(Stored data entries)
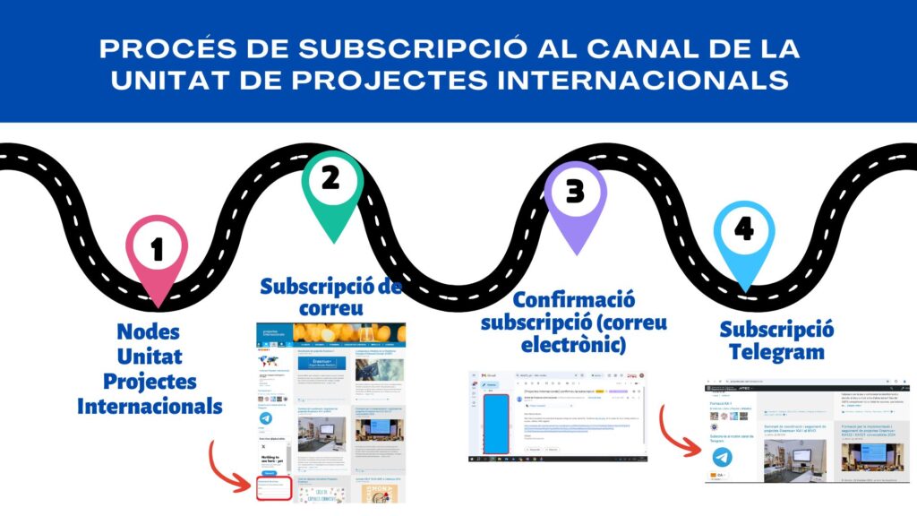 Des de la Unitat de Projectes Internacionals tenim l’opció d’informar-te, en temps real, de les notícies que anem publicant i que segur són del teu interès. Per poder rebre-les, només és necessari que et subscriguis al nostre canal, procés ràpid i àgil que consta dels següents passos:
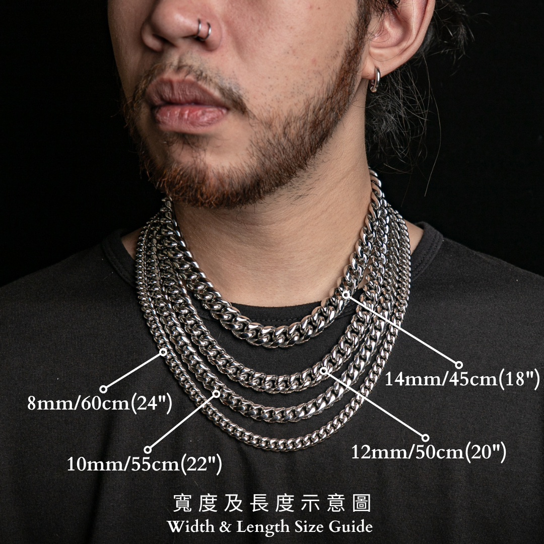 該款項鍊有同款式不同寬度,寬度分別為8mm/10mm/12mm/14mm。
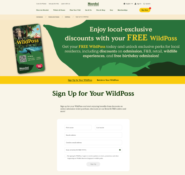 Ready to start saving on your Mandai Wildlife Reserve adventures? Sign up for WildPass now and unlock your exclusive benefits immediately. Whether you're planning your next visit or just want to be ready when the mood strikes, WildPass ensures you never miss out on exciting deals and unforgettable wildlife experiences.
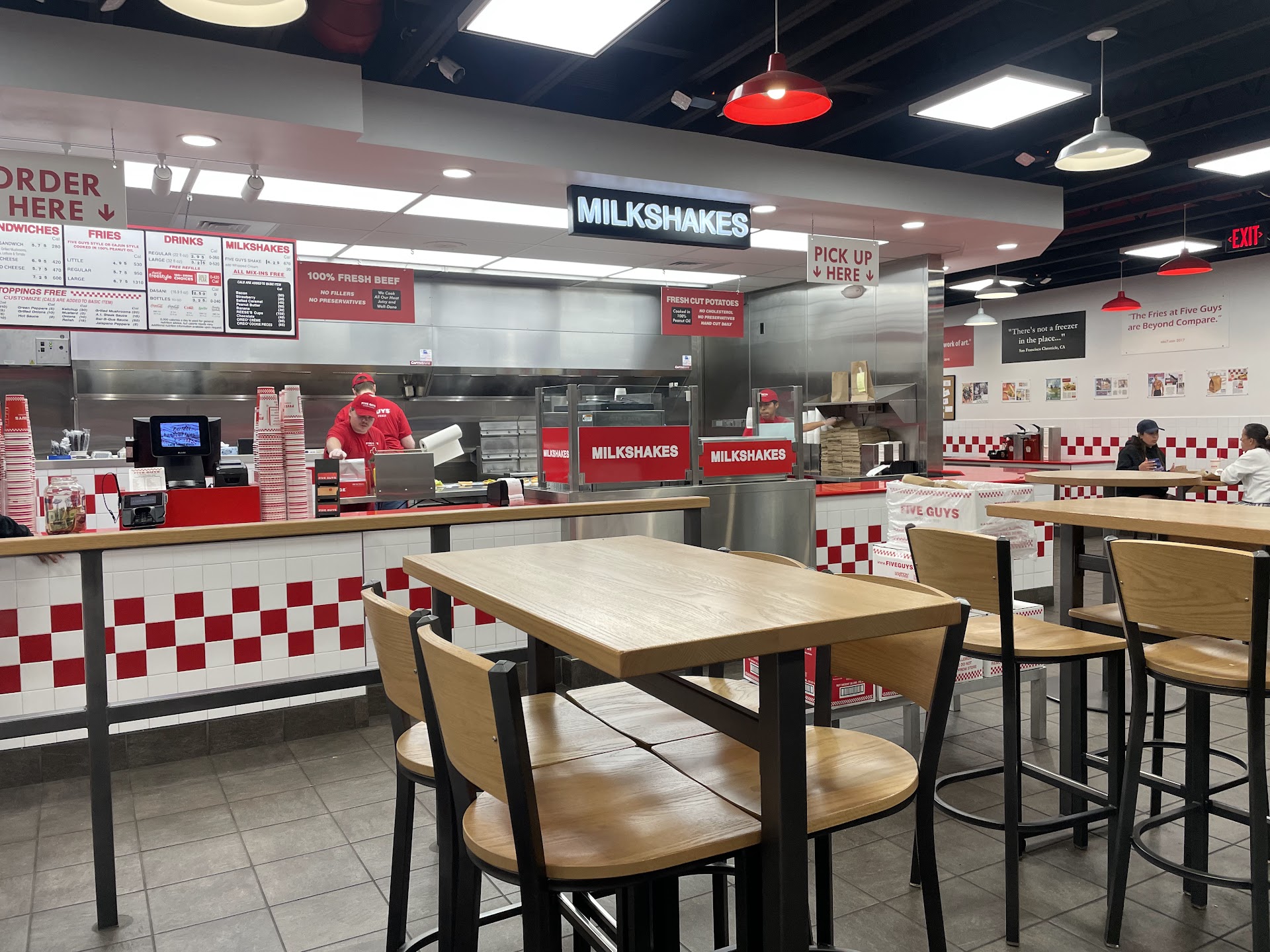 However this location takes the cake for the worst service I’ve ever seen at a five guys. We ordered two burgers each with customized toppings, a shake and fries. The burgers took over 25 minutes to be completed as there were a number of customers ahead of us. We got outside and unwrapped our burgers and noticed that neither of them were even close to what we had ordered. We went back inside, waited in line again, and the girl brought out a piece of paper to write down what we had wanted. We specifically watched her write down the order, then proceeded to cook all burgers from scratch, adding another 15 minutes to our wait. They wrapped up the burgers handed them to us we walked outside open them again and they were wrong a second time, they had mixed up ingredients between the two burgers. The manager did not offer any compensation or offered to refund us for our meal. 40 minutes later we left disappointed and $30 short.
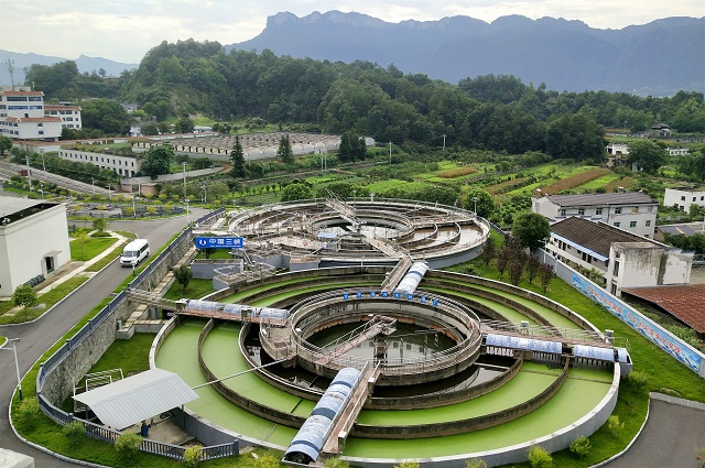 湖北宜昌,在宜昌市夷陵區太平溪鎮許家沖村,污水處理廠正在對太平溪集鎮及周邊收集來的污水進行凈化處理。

• Your objective:
Reprint all the data above verbatim, excluding pictures.

• Exercise result:
 Des de la Unitat de Projectes Internacionals tenim l’opció d’informar-te, en temps real, de les notícies que anem publicant i que segur són del teu interès. Per poder rebre-les, només és necessari que et subscriguis al nostre canal, procés ràpid i àgil que consta dels següents passos:
 該款項鍊有同款式不同寬度,寬度分別為8mm/10mm/12mm/14mm。
 Ready to start saving on your Mandai Wildlife Reserve adventures? Sign up for WildPass now and unlock your exclusive benefits immediately. Whether you're planning your next visit or just want to be ready when the mood strikes, WildPass ensures you never miss out on exciting deals and unforgettable wildlife experiences.
 However this location takes the cake for the worst service I’ve ever seen at a five guys. We ordered two burgers each with customized toppings, a shake and fries. The burgers took over 25 minutes to be completed as there were a number of customers ahead of us. We got outside and unwrapped our burgers and noticed that neither of them were even close to what we had ordered. We went back inside, waited in line again, and the girl brought out a piece of paper to write down what we had wanted. We specifically watched her write down the order, then proceeded to cook all burgers from scratch, adding another 15 minutes to our wait. They wrapped up the burgers handed them to us we walked outside open them again and they were wrong a second time, they had mixed up ingredients between the two burgers. The manager did not offer any compensation or offered to refund us for our meal. 40 minutes later we left disappointed and $30 short.
 湖北宜昌,在宜昌市夷陵區太平溪鎮許家沖村,污水處理廠正在對太平溪集鎮及周邊收集來的污水進行凈化處理。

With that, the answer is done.